--- LISTED ENTRIES Enclosed Below ---

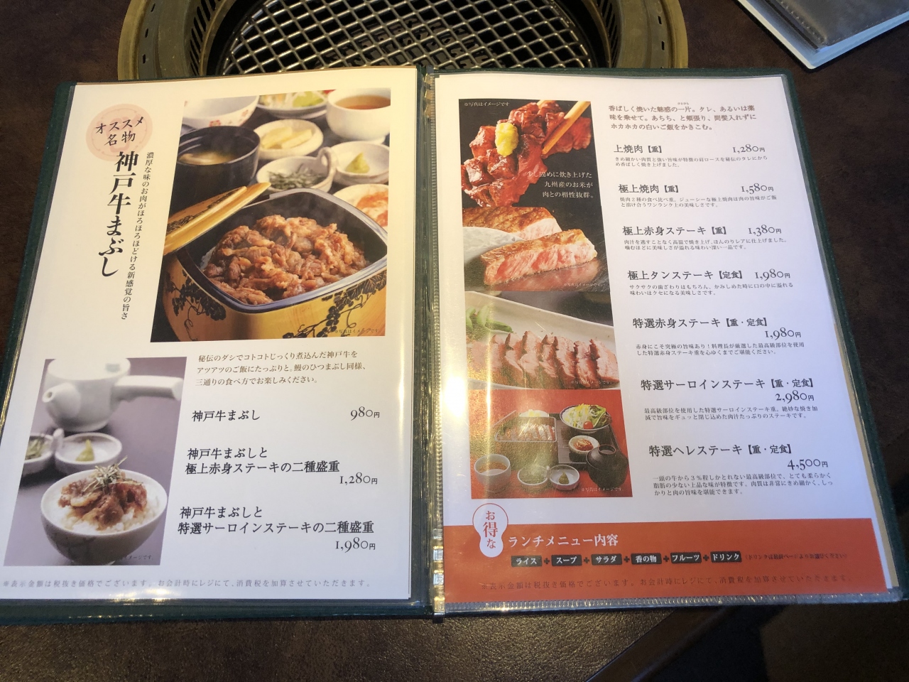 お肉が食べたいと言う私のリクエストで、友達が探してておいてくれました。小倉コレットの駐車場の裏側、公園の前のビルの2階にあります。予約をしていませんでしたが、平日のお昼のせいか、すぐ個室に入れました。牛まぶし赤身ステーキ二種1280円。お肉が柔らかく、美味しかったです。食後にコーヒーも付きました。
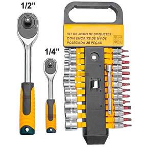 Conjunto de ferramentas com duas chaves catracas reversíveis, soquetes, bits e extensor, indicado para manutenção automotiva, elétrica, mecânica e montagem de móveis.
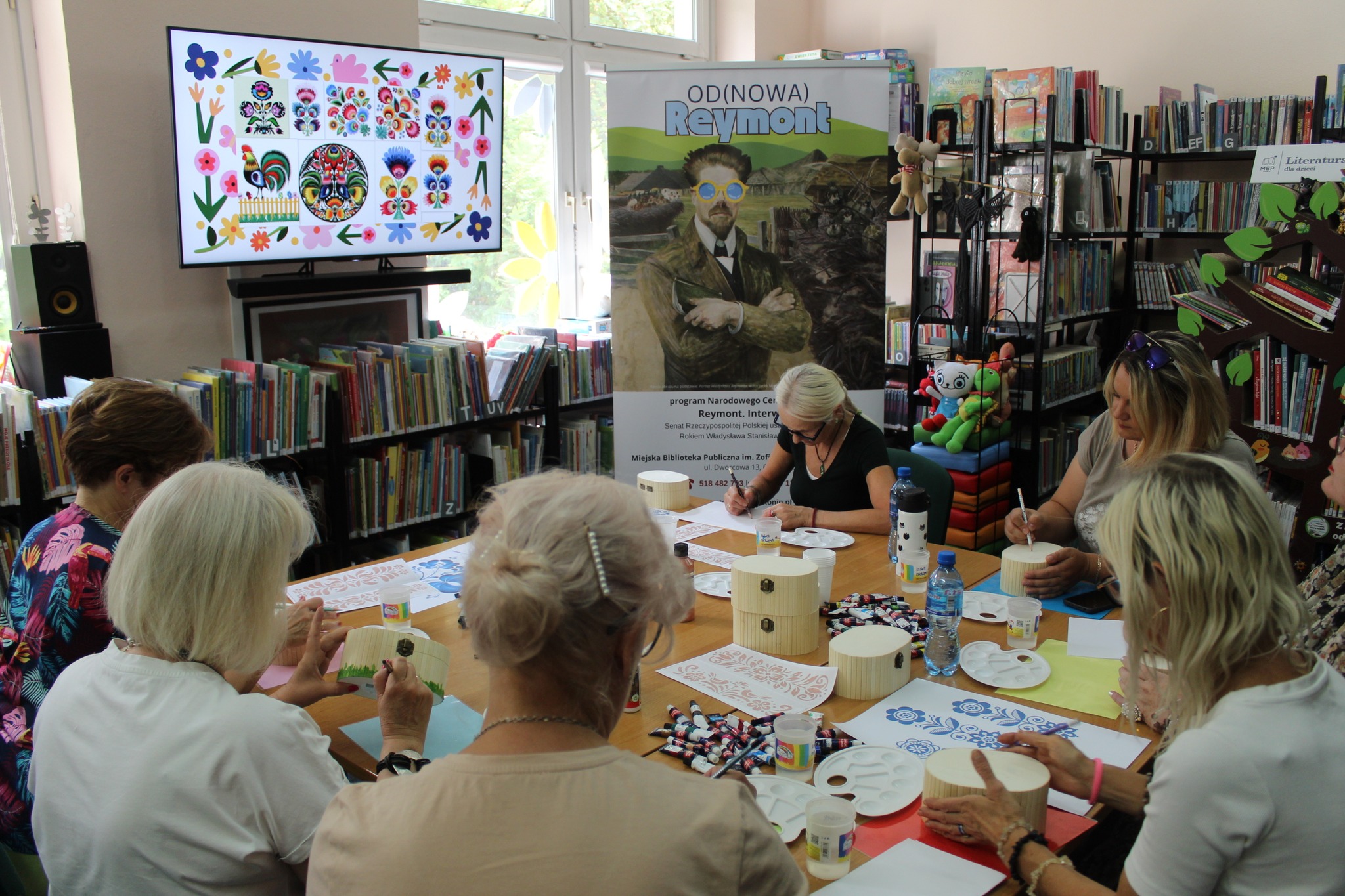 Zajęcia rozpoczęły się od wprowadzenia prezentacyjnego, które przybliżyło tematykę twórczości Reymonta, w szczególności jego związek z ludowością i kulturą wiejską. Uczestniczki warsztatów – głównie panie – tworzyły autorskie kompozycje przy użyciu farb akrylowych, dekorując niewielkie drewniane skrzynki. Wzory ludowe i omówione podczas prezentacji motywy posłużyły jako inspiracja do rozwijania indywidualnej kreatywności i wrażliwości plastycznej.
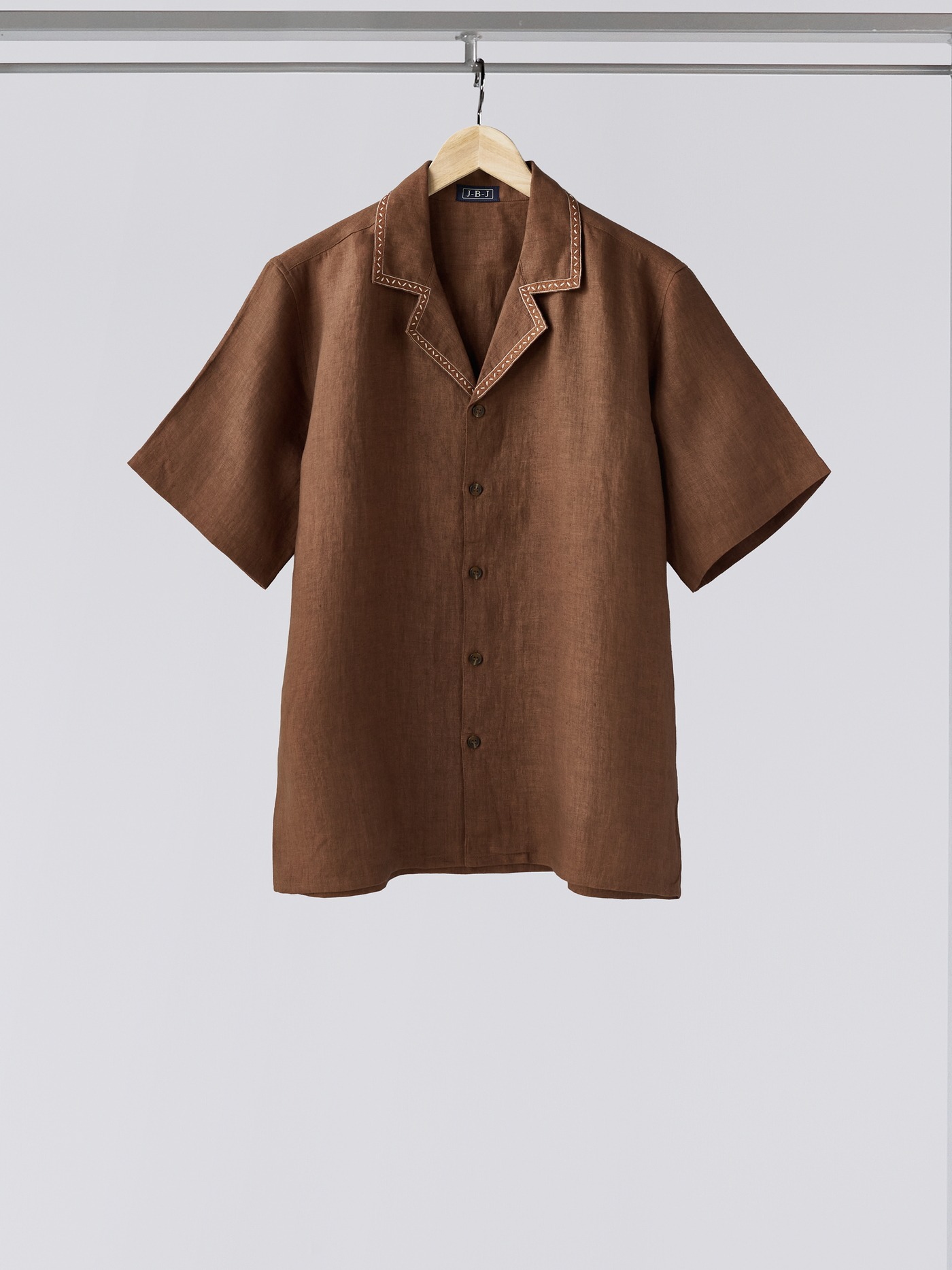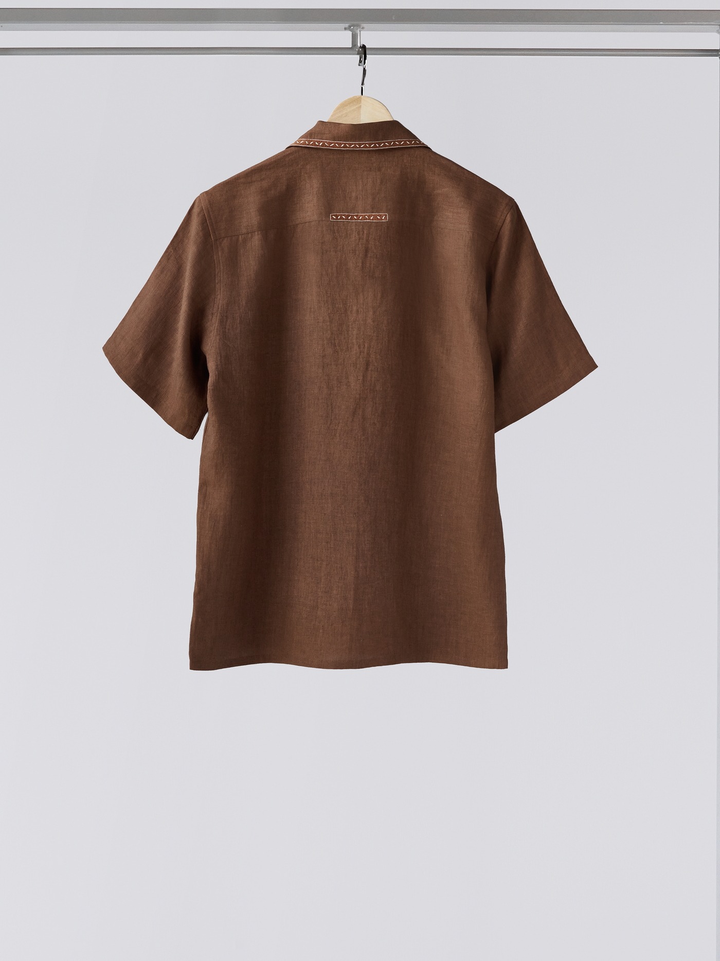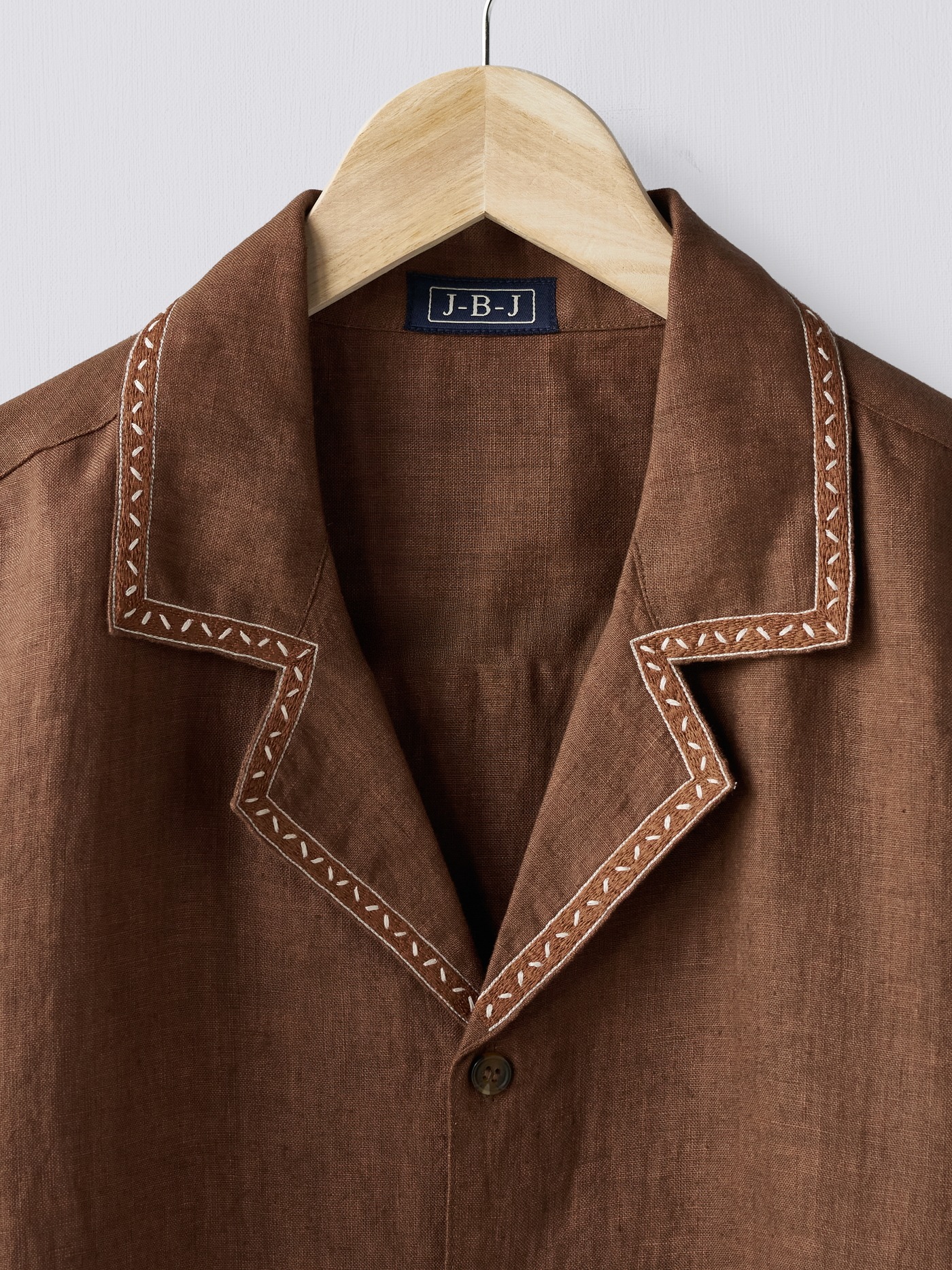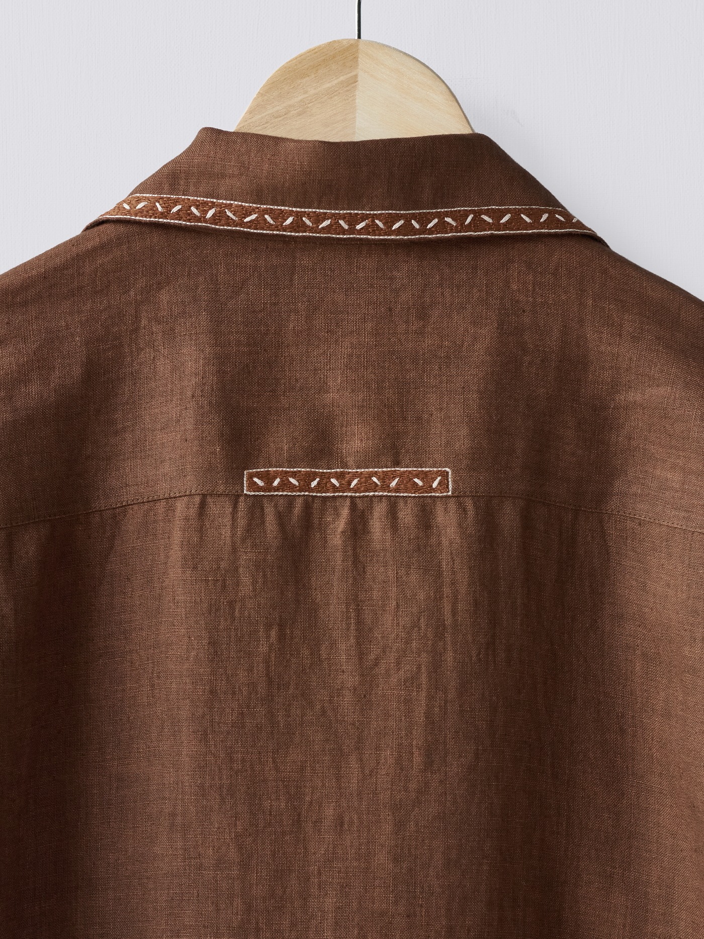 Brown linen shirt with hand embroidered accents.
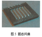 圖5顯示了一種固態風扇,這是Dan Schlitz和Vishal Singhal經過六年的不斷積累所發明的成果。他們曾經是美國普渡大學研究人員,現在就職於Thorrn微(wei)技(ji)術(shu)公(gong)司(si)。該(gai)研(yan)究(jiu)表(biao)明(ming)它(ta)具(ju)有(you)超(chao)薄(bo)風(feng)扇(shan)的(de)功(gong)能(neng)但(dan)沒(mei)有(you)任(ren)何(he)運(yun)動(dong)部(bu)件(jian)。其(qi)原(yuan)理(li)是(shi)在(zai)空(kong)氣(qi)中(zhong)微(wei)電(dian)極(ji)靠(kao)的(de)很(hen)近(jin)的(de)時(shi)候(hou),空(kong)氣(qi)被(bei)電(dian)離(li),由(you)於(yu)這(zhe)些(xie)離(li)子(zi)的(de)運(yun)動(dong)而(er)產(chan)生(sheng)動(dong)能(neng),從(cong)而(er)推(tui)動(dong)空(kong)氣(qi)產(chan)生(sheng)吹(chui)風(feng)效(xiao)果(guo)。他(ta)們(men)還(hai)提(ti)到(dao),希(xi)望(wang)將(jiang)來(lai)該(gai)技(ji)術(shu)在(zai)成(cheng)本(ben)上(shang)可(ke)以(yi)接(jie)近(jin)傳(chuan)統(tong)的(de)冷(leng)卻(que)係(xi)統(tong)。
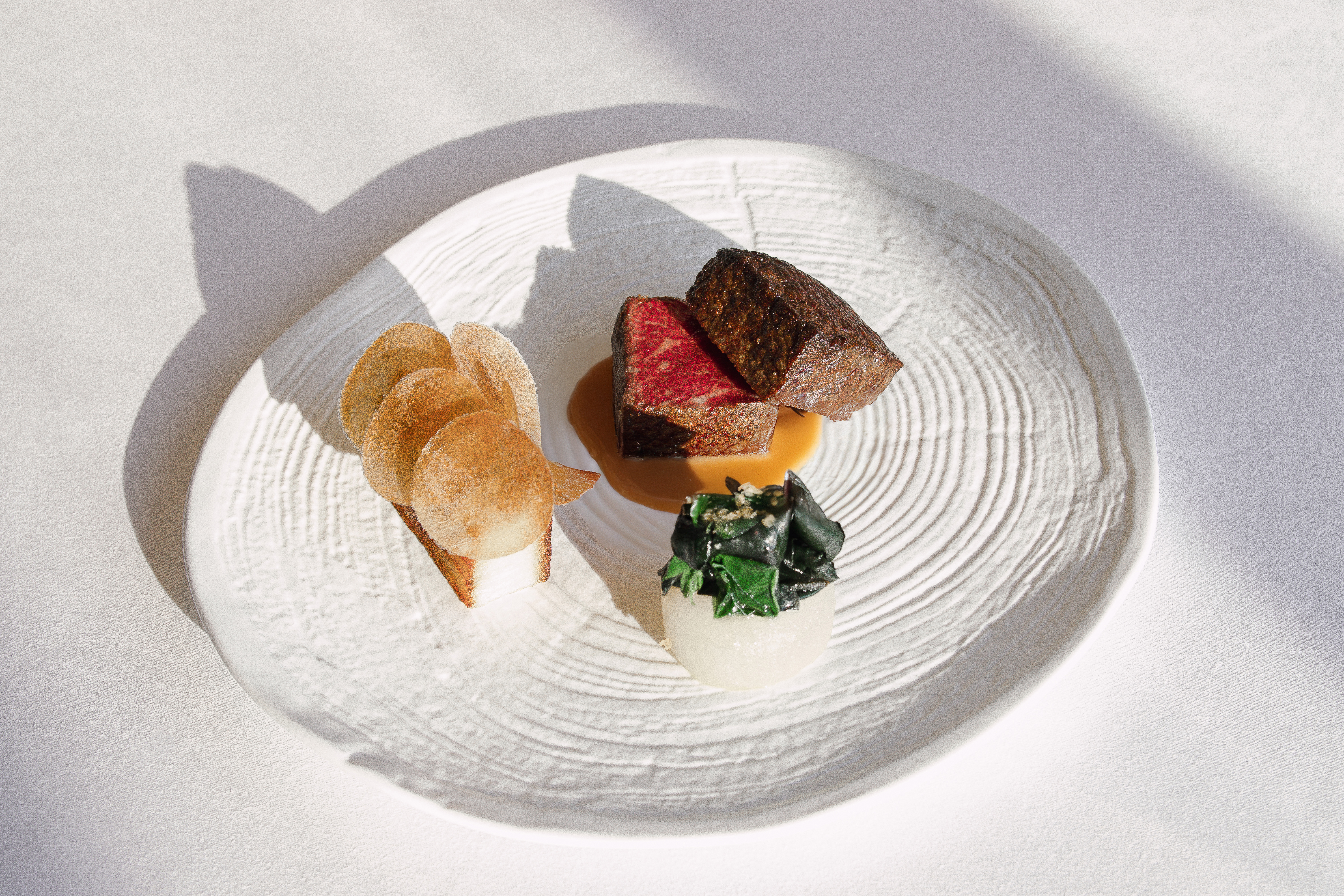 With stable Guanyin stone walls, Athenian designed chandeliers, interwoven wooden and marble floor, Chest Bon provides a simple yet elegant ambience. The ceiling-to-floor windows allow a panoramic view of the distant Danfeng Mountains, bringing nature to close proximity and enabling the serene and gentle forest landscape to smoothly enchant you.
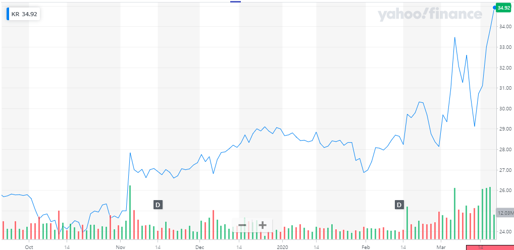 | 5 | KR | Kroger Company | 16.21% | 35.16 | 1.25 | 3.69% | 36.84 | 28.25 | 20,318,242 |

--- End of Enclosed LISTED ENTRIES ---

_TASK PROMPT_
From the first line to the last, transcribe the listing exactly; skip the pictures.

_RESULT OF THIS TASK_
 お肉が食べたいと言う私のリクエストで、友達が探してておいてくれました。小倉コレットの駐車場の裏側、公園の前のビルの2階にあります。予約をしていませんでしたが、平日のお昼のせいか、すぐ個室に入れました。牛まぶし赤身ステーキ二種1280円。お肉が柔らかく、美味しかったです。食後にコーヒーも付きました。
 Conjunto de ferramentas com duas chaves catracas reversíveis, soquetes, bits e extensor, indicado para manutenção automotiva, elétrica, mecânica e montagem de móveis.
 Zajęcia rozpoczęły się od wprowadzenia prezentacyjnego, które przybliżyło tematykę twórczości Reymonta, w szczególności jego związek z ludowością i kulturą wiejską. Uczestniczki warsztatów – głównie panie – tworzyły autorskie kompozycje przy użyciu farb akrylowych, dekorując niewielkie drewniane skrzynki. Wzory ludowe i omówione podczas prezentacji motywy posłużyły jako inspiracja do rozwijania indywidualnej kreatywności i wrażliwości plastycznej.
 Brown linen shirt with hand embroidered accents.
 圖5顯示了一種固態風扇,這是Dan Schlitz和Vishal Singhal經過六年的不斷積累所發明的成果。他們曾經是美國普渡大學研究人員,現在就職於Thorrn微(wei)技(ji)術(shu)公(gong)司(si)。該(gai)研(yan)究(jiu)表(biao)明(ming)它(ta)具(ju)有(you)超(chao)薄(bo)風(feng)扇(shan)的(de)功(gong)能(neng)但(dan)沒(mei)有(you)任(ren)何(he)運(yun)動(dong)部(bu)件(jian)。其(qi)原(yuan)理(li)是(shi)在(zai)空(kong)氣(qi)中(zhong)微(wei)電(dian)極(ji)靠(kao)的(de)很(hen)近(jin)的(de)時(shi)候(hou),空(kong)氣(qi)被(bei)電(dian)離(li),由(you)於(yu)這(zhe)些(xie)離(li)子(zi)的(de)運(yun)動(dong)而(er)產(chan)生(sheng)動(dong)能(neng),從(cong)而(er)推(tui)動(dong)空(kong)氣(qi)產(chan)生(sheng)吹(chui)風(feng)效(xiao)果(guo)。他(ta)們(men)還(hai)提(ti)到(dao),希(xi)望(wang)將(jiang)來(lai)該(gai)技(ji)術(shu)在(zai)成(cheng)本(ben)上(shang)可(ke)以(yi)接(jie)近(jin)傳(chuan)統(tong)的(de)冷(leng)卻(que)係(xi)統(tong)。
 With stable Guanyin stone walls, Athenian designed chandeliers, interwoven wooden and marble floor, Chest Bon provides a simple yet elegant ambience. The ceiling-to-floor windows allow a panoramic view of the distant Danfeng Mountains, bringing nature to close proximity and enabling the serene and gentle forest landscape to smoothly enchant you.
 | 5 | KR | Kroger Company | 16.21% | 35.16 | 1.25 | 3.69% | 36.84 | 28.25 | 20,318,242 |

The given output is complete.